We get a notification stating “Logged 1 run to an experiment in Mlflow”:

Screenshot Taken by Author

We can click on the run and see the following:

This is where we can see metrics like model performance and model artifacts such as feature importance. Both of these we will show how to log in Mlflow shortly.

We can also click on the experiment:

This is where we see each run associated with the experiment. This is useful for keeping track of experiments such as modifying Catboost parameters, training data, engineered features etc.

Finally, let’s log feature importance as an artifact, accuracy score and precision score as metrics, and the list of categorical inputs as a parameter:

with mlflow.start_run(run_name=f"churn_model"):
mlflow.sklearn.log_model(model, "Catboost Model")
mlflow.log_artifact("/feature_importance.csv")
mlflow.log_metric("Precison", precision)    
mlflow.log_metric("Accuracy", accuracy)       
mlflow.log_param("Categories", cats)

If we click on the run we see we logged feature importance, accuracy score and precision score, and categorical inputs:

The code in the Databricks notebook has been ported to a ipython file and is available in GitHub.

Conclusion

In this post, we discussed how to get started with Databricks. First, we saw how to add upload data to the DBFS. We then created a notebook and showed how to access the uploaded file in the notebook. We then proceed to discuss tools available in Databricks that help data scientists and researchers scale data science solutions. First, we saw how to convert spark dataframes to Koalas dataframe, which are a faster alternative to Pandas.
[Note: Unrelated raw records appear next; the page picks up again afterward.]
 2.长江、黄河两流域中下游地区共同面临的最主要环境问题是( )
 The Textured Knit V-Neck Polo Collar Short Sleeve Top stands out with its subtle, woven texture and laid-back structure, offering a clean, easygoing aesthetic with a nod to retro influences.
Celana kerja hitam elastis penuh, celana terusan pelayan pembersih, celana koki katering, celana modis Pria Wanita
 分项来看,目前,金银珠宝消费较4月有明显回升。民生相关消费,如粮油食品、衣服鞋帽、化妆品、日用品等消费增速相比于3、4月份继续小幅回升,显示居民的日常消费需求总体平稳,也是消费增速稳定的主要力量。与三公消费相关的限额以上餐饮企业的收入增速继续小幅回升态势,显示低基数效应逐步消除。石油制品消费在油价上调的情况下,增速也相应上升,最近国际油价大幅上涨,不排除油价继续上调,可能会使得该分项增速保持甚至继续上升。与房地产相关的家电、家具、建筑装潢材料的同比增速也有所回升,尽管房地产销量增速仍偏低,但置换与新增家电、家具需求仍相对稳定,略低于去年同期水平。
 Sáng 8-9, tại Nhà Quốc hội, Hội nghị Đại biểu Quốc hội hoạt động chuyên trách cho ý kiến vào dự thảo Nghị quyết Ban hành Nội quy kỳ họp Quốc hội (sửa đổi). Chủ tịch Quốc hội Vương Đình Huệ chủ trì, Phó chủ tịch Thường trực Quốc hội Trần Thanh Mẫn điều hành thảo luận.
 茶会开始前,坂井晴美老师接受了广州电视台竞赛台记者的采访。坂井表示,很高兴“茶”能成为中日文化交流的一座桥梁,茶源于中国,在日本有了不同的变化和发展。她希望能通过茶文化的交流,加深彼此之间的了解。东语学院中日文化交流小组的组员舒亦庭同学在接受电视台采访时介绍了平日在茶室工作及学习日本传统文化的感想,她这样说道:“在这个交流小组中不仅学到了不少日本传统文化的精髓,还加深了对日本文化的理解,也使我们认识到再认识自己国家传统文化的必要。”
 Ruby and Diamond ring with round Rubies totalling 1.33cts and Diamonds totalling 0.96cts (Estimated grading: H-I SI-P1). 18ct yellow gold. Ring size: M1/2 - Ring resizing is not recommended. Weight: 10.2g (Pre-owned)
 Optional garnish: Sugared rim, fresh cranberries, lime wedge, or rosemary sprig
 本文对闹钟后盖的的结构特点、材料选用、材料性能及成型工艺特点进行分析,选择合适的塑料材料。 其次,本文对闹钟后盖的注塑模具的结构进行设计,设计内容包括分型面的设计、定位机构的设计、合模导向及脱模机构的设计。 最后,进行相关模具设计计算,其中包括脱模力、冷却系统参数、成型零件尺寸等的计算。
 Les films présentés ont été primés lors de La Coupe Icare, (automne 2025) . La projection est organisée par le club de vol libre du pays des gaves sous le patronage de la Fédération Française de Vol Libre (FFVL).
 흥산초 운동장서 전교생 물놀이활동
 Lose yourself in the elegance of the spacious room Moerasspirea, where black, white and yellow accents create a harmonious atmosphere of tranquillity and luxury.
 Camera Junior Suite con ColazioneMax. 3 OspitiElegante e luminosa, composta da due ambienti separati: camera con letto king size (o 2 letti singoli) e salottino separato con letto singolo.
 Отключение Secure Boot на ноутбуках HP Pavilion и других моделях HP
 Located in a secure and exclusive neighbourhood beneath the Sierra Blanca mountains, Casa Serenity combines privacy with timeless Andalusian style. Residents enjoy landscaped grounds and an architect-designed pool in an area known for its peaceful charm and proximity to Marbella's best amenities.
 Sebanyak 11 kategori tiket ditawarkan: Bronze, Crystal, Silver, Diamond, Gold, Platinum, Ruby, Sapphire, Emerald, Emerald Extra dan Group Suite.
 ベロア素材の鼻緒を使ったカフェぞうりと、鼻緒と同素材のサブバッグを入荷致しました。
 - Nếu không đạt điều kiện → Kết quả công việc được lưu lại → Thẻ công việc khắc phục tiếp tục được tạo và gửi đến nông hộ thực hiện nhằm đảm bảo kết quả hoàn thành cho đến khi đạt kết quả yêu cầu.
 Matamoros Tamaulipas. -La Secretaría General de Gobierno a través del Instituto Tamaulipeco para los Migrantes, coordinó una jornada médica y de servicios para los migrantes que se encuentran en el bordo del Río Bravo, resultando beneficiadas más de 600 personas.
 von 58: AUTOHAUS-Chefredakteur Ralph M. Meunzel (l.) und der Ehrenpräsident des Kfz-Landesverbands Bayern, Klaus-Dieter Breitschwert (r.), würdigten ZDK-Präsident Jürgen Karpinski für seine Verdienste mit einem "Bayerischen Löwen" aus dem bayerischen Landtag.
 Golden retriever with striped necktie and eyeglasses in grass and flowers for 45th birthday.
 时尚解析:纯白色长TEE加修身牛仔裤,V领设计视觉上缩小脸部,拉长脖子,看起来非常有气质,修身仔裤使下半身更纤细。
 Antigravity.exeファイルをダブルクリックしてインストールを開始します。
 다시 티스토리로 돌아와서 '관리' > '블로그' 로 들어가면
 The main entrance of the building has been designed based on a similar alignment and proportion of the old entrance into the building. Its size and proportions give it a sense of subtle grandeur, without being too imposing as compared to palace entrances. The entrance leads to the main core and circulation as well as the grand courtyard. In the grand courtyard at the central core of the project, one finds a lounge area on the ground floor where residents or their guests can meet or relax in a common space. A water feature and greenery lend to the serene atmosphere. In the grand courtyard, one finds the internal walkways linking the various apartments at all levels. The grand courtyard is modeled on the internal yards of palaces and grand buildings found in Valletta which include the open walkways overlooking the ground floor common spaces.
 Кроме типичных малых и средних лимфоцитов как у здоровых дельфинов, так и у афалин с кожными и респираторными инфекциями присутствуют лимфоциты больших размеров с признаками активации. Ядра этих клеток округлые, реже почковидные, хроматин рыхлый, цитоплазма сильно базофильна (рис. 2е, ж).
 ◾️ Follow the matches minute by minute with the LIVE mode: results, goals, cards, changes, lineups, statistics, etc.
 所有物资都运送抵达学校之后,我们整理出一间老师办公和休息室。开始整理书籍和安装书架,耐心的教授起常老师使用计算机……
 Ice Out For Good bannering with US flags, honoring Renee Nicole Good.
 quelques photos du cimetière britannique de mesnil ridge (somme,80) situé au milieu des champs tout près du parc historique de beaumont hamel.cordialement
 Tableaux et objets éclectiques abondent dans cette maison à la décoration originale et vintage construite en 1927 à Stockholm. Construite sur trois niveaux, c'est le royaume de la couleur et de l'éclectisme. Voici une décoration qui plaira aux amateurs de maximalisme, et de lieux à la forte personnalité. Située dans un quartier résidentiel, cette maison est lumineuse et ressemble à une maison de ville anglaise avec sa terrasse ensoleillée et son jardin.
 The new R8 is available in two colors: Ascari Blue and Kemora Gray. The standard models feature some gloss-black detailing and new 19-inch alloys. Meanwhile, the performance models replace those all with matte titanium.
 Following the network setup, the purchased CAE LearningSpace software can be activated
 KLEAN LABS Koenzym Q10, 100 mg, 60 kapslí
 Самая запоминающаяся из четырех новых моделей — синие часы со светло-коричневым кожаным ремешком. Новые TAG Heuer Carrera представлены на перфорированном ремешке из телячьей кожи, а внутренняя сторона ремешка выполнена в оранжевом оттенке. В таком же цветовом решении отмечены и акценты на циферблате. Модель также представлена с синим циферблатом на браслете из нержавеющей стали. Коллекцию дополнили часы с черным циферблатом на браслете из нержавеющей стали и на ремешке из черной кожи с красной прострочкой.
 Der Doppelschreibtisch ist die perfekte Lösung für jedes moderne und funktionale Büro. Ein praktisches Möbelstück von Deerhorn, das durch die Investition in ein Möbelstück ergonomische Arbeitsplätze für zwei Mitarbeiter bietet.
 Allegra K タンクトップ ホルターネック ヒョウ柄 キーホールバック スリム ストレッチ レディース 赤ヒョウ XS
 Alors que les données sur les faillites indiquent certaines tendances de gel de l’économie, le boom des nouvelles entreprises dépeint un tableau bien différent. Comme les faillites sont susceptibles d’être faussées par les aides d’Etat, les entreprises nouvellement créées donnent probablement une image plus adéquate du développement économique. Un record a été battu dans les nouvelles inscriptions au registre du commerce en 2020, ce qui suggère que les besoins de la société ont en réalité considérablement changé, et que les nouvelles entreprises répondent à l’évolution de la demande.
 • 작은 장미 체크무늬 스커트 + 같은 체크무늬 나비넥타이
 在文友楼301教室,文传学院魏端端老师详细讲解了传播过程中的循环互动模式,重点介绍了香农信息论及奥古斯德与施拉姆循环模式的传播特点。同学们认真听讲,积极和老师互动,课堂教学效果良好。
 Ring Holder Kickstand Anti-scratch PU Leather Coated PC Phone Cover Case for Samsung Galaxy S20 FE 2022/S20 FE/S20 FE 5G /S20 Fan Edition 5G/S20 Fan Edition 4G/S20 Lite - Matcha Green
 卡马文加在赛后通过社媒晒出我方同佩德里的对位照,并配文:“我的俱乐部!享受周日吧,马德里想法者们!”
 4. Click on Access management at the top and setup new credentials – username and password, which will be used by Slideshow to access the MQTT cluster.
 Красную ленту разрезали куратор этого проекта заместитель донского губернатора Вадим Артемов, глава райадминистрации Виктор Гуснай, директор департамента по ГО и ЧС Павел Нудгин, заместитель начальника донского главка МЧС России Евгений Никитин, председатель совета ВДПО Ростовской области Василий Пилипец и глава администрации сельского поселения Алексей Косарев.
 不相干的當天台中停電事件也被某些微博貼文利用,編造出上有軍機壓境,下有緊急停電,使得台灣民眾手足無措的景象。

We then saw how to apply customer functions to spark data frames using Pandas UDF. This is very useful for heavy computational tasks that need to be performed on large dataframes. Finally, we saw how to log metrics, parameters, and artifacts associated with modeling experiments. Having familiarity with these tools is important for anyone working in the data science, machine learning, and machine learning engineering spaces.